Los Orang Batin Sembilan (Orang Rimba o Anak Dalam) tienen su hogar ahí. Su sistema tradicional, llamado «adat» (lo que es correcto y lo que no) les recuerda que garantizar la salud, la armonía y equilibrio de los bosques es garantizar la fortuna del grupo, de la aldea. Y es que los bosques se conocen como las «raíces» o el «tronco» del mundo (pangkol bumi halom). De hecho, el reino de los bosques (halom rimba) sigue el sistema «adat» más antiguo e importante, el de los dioses mayores, y difiere totalmente del «adat» del reino exterior de la aldea (me’uba adat), que sigue el de los antepasados y el Islam. Pero cuando alguien goza de buena salud, se dice que está «floreciendo» (bungohon) y si está enfermo, está «marchito» (layu) porque se ha «calentado» y el «huluy» o espíritu ha huido del cuerpo, liberando el aliento o fuerza vital (nyawoh, nafai).

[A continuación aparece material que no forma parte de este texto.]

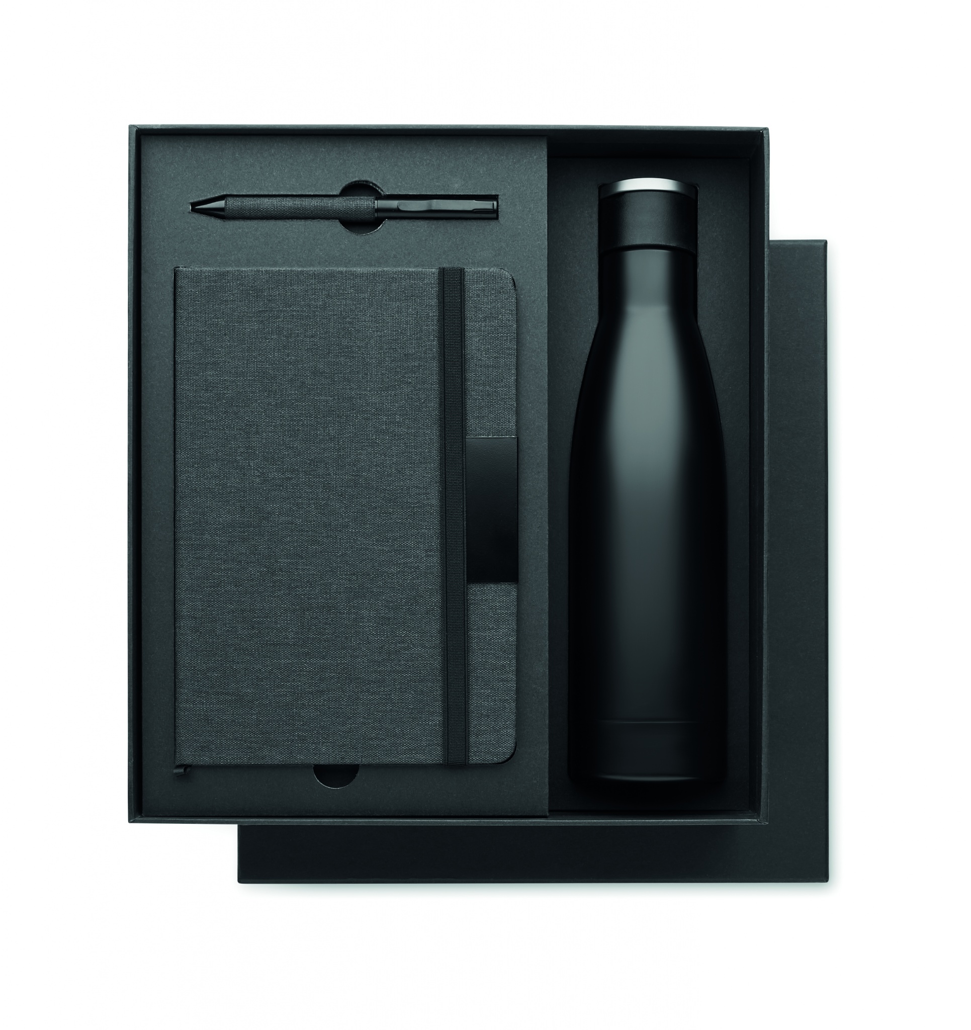 Ylellinen 3-osainen lahjasetti. Se sisältää A5-muistikirjan, jossa on kova RPET-kansi. 160 kierrätyspaperisivua (80 arkkia). sävy sävyyn joustava sulkuhihna sekä nauhallinen sivumerkintä- ja kynäteline. Settiin sopiva kierrettävä kuulakärkikynä. Kaksiseinäinen ruostumattomasta teräksestä valmistettu tyhjiöeristetty pullo. Tilavuus: 500 ml. Ylellisessä lahjapakkauksessa.

También son «calientes» e insalubres los claros o lugares abiertos en la tierra, como los causados por la deforestación, mientras que los bosques maduros (rimba godong) se denominan como «florecidos» (rimba bungahon), saludables, y son buenos lugares para vivir, dar a luz, abrir un jardín o realizar actividades rituales.

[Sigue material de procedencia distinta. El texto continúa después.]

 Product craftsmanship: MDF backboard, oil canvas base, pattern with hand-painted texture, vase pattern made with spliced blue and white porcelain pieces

Hace tiempo ya sabían que debajo de los bosques, la tierra (tanoh) se mantiene unida por una red simbiótica de raíces de los árboles y plantas del bosque, que también se cree que son sensibles al «calor». Aseguran, y bien lo saben, que cuando los bosques se talan a gran escala, las lluvias pueden hacer que la tierra se rompa, causando inundaciones.
 
La antropóloga y educadora Butet Manurung (o Saur Marlina Manurung), autora de «La escuela de la jungla», fue profesora en Jambi. Y ella cuenta que «en el pasado, los forasteros a menudo ridiculizaban a las comunidades indígenas hasta el punto de la vergüenza y las lágrimas.(…) Ahora, si se ríen de ellos porque son ateos, responderán diciendo: “¿Qué es la religión? También creemos que hay otras energías, además de las de los humanos. El hecho de que no haya un nombre para esa religión no significa que no exista, porque no es una religión reconocida por el gobierno”.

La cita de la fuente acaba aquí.